Ed's Big Plans

Computing for Science and Awesome

Neural Grammar Network

without comments

The NGN is a feed-forward back-propagation artificial neural network that classifies formal strings based on a parse tree defined by a formal grammar in Greibach Normal Form. The NGN takes on the structure of a parse tree, such that node layers (activations) are mapped onto language symbols and weight layers are mapped onto the edges that connect these symbols. Because the syntax of the strings to classify (or curve fit) are specified in GNF, it is possible to nest strings within strings to form recursive structures. The activity of syntactic recursion maps thus to a recursive structuring of the NGN. The NGN was originally designed to work with SMILES and InChI to classify and curve-fit bioactive molecules. I’d be very interested if you happened to uncover another problem domain to which the NGN may be amenable.

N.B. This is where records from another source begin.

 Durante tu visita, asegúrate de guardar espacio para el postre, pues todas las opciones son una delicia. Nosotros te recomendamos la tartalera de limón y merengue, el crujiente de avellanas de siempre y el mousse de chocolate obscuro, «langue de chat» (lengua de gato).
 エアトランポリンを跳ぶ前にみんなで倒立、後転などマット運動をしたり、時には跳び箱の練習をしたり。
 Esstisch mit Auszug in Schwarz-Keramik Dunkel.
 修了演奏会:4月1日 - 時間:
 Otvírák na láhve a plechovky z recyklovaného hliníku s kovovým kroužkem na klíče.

The NGN internally uses flex and Bison to build up the network graph. Weight layers are re-used — this re-use enables the persistant memory between training parses and recognition parses.

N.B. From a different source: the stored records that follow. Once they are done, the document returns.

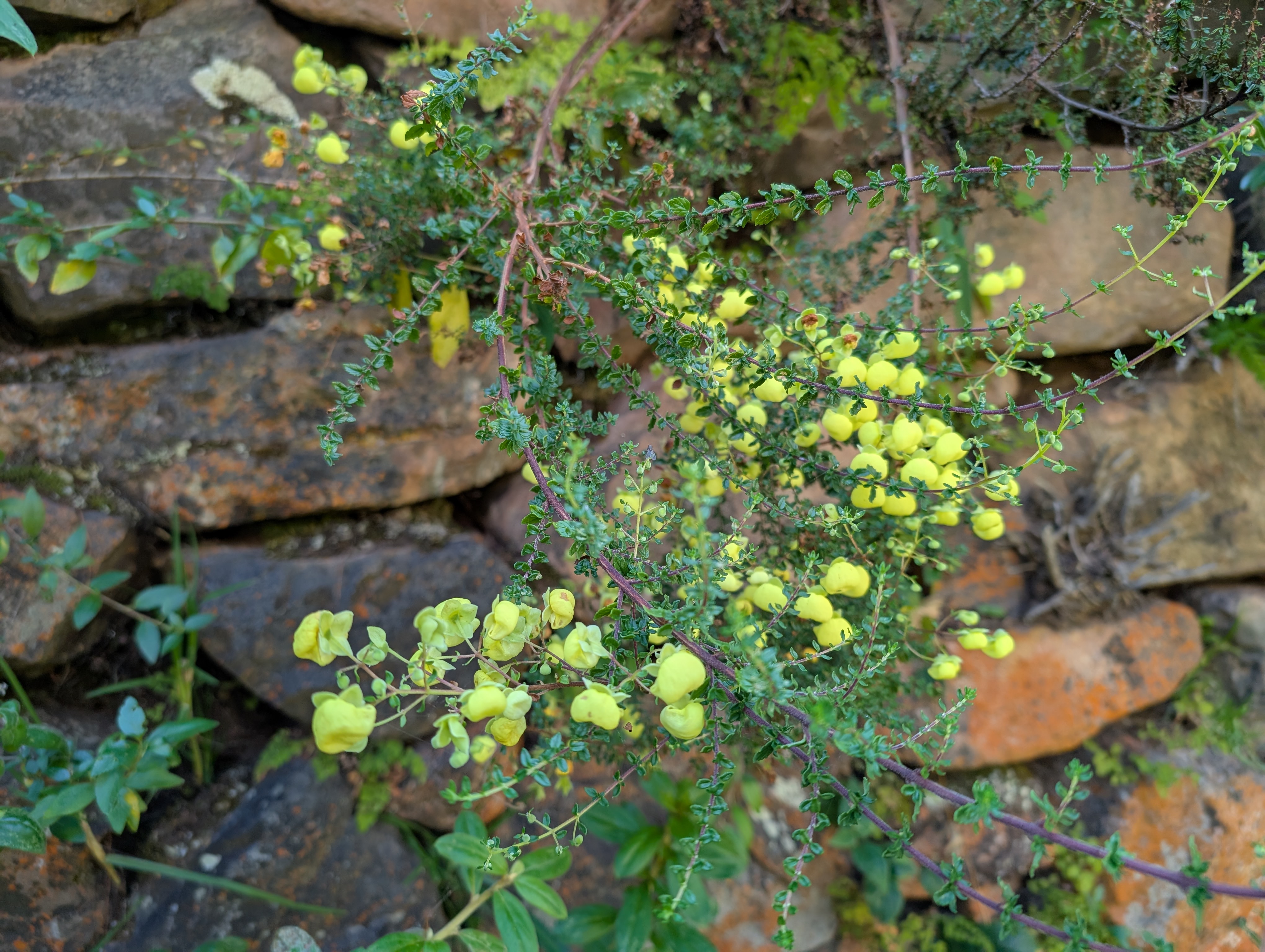 Below: Calceolaria and the introduced Genista french broom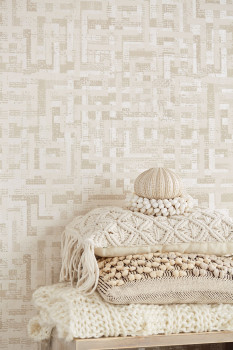 Geometrický vzorek v krémové a béžové barvě na vliesové tapetě se stříbrnými detaily. Vliesové tapety Siroc cítí tlukoucí africké srdce, které se rozeznívá v této rozmanité kolekci luxusních tapet. Rytmus kontinentu je zachycen ve vibrujících vzorech těchto tapet se spoustou teplých, čistých a tlumených barev. Nechte se unášet nezkrotným pouštním větrem. Obdivujte úžasnou krajinu, ohromné pobřeží, divokou přírodu a domorodé vesnice. Ponořte se do hluku bazaru, plného tradičního umění, světlých a tmavých barev a exotických vůní.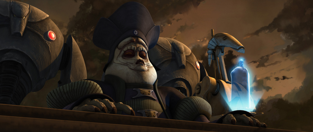General Lok Durd consulting with Count Dooku in "Defenders of Peace"I first became aware of Lok Durd in the episode "Defenders of Peace," the fourteenth episode in Season One of the Star Wars: the Clone Wars television series. Here are the words that lead into the episode:Republic forces in retreat! While rescuing General Aayla Secura from certain defeat, Anakin Skywalker has been seriously injured. After a narrow escape, our heroes crash-landed on the remote world of Maridun. Stranded, and with no way to contact the Republic, the Jedi receive medical aid from the peaceful Lurmencolonists.

>>> Download: ngn_generator.tgz | Slideshow: Neural Grammar Networks in QSAR Chemistry (BIBM09) <<<

Warning: This code is very ad hoc as most of it was written while I was learning Python/flex/bison — contact me if there is anything you want explained / rewritten / refactored for your project.

 

Readme File.

= The Neural Grammar Network (NGN) =

version: 0.90
date   : 2012-01-12

license: Creative Commons Attribution 3.0 Unported
         http://creativecommons.org/licenses/by/3.0/

author : Eddie Yee-Tak Ma
e-mail : ed.yt.ma@gmail.com
web    : https://eddiema.ca

note   : The file "ngn_generator/grammars/smiles.bnf" is in the public domain

= Contents =

(1) What's a Neural Grammar Network (NGN)?
(2) System requirements
(3) Building an NGN using one of the included grammars
(4) Building an NGN for a target formal language
(5) Citing the NGN
(6) References

= (1) What's a Neural Grammar Network (NGN)? =

The Neural Grammar Network is a neural network that is structured along the
parse tree of a formal language. The internal symbols of the parse are mapped
to the node layers of a feed-forward network. These node layers are the
activation values of the network. The edges of the parse are mapped to the
weight layers. While the node layers are only needed to pass an activation
value forward, the weight layers represent the training of the network and can
be saved and loaded in order to perform training and recognition tasks.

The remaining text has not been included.